Here is the list of cross references identified.

CHAIN4-["my" in sentence 1, "I" in sentence 2]
CHAIN5-["This hair oil" in sentence 1, "it" in sentence 2]

Next, we will identify the parts of speech and if it is a named entity.

final List<CoreMap> sentences = doc.get(SentencesAnnotation.class);
for(final CoreMap sentence: sentences) {
  for (final CoreLabel word: sentence.get(TokensAnnotation.class)) {
    LOG.info("Word: {}, POS: {}, NER: {}", 
             word.get(TextAnnotation.class),
             word.get(PartOfSpeechAnnotation.class),
             word.get(NamedEntityTagAnnotation.class));
  }

  final Tree tree = sentence.get(TreeAnnotation.class);
  LOG.info(tree.toString());

  final SemanticGraph graph = sentence.get(CollapsedCCProcessedDependenciesAnnotation.class);
  final Collection<TypedDependency> deps = graph.typedDependencies();
  for (TypedDependency td : deps) {
    LOG.info(td.toString());
  }
}

I added line numbers for convenience to the code window. From line 3-8 we are dumping the extracted words, parts of speech and if this is a named entity. Given below are couple of examples.

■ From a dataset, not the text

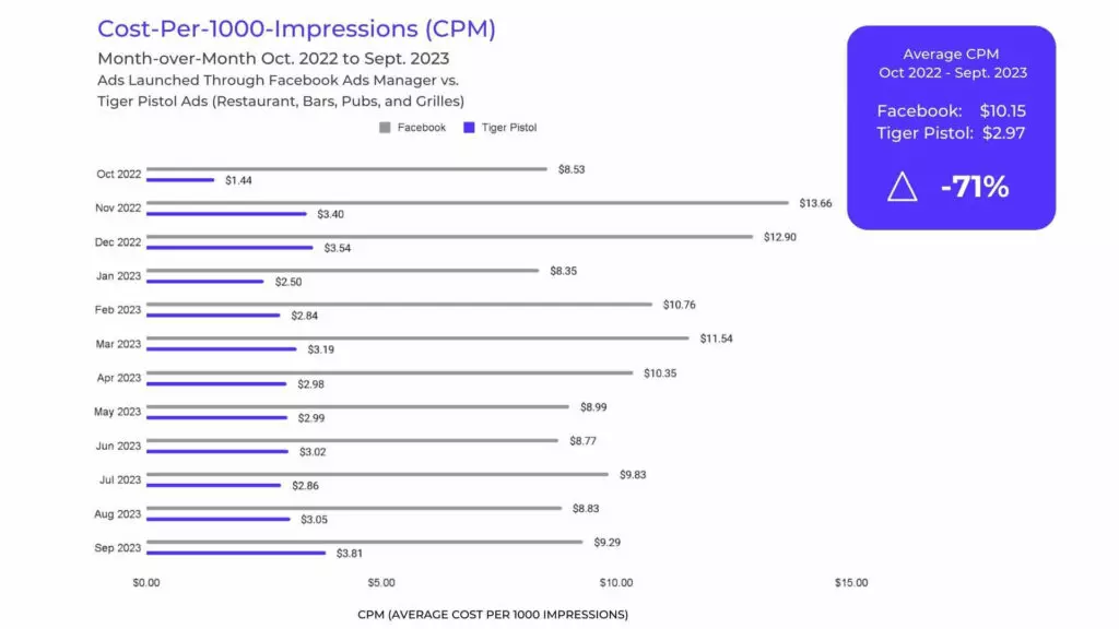 The following charts showcase the average cost of advertising per month for Facebook advertising alongside Tiger Pistol’s performance. They reveal a staggering truth: local ads launched through the Tiger Pistol Collaborative Advertising Platform™ consistently cost significantly less.

Word: best, POS: JJS, NER: O
Word: Paris, POS: NNP, NER: CITY

The parts of speech in this will seem little peculiar. You can get a list of it from a PDF downloaded from here. I am extracting the relevant table here for convenience.

Penn Treebank POS target

Line 13-17 creates a dependency graph. I am not going into outputs from these codes. You can run them and visualize output.

Sentiment Analysis

Next, I will start with the sentiment analysis code. My idea was to capture the sentiments from a long review and count the number of positive statement vs number of negative sentiments and come up with a rating. So, final target for me was to get a count of positive, neutral and negative statements.

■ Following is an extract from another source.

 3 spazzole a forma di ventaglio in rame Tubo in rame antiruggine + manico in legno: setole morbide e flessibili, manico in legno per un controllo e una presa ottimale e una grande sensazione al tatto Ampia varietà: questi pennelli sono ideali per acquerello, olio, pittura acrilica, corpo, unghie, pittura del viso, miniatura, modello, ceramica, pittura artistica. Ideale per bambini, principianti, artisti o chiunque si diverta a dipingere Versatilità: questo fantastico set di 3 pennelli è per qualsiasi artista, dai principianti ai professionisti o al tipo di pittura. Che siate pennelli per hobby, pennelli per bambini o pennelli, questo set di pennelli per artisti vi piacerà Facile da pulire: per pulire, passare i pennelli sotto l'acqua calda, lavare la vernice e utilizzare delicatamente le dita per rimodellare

final Properties props = new Properties();
props.setProperty("annotators", "tokenize, ssplit, parse, sentiment");
CORENLP = new StanfordCoreNLP(props);

int posSentimentVal = 0, ntrSentimentValue = 0, negSentimentValue = 0;

final Annotation doc = CORENLP.process(text);
for(final CoreMap sentence : doc.get(SentencesAnnotation.class)) {
  int sentimentVal;
  String sentimentName;
  LOG.info(sentence.toString());

  final Tree tree = sentence.get(SentimentAnnotatedTree.class);
  sentimentVal = RNNCoreAnnotations.getPredictedClass(tree);
  if (sentimentVal < 2) negSentimentValue += 1;
  else if (sentimentVal > 2) posSentimentVal += 1;
  else ntrSentimentValue += 1;

  sentimentName = sentence.get(SentimentCoreAnnotations.SentimentClass.class);
  LOG.info("Sentiment: {}, value: {}", sentimentVal, sentimentName);
}

LOG.info("Positive: {}, Neutral: {}, Negative: {}", posSentimentVal, ntrSentimentValue, negSentimentValue);

In this code, we add ‘sentiment’ as an annotator for CoreNLP. We then start breaking up in individual sentences and analyzing each of them. The sentiment value is always between 1 and 5. Here 1: Extremely Negative, 2: Negative, 3: Neutral, 4: Positive and 5: Extremely Positive. For ease, I have put both normal and extreme cases in the same bucket. I tested with three different sentences. Here is the output for each.

--------------------------------
This hair oil is the best in Paris and worked great on my hair.
Sentiment: 3, value: Positive
I will definitely buy it again.
Sentiment: 3, value: Positive
Positive: 2, Neutral: 0, Negative: 0
--------------------------------
The movie sucked.
Sentiment: 1, value: Negative
One of the worst movies in my life.
Sentiment: 1, value: Negative
Positive: 0, Neutral: 0, Negative: 2
--------------------------------
This airline was great a year back.
Sentiment: 3, value: Positive
But now the service is deteriorating
Sentiment: 2, value: Neutral
Positive: 1, Neutral: 1, Negative: 0
--------------------------------

Conclusion

So, just with a few lines of code we were able to generate a sentiment analyzer for text review. It mostly worked well. There were instances where CoreNLP showed neutral where sentiments were definitely negative.

Hope you found this useful. Ciao for now!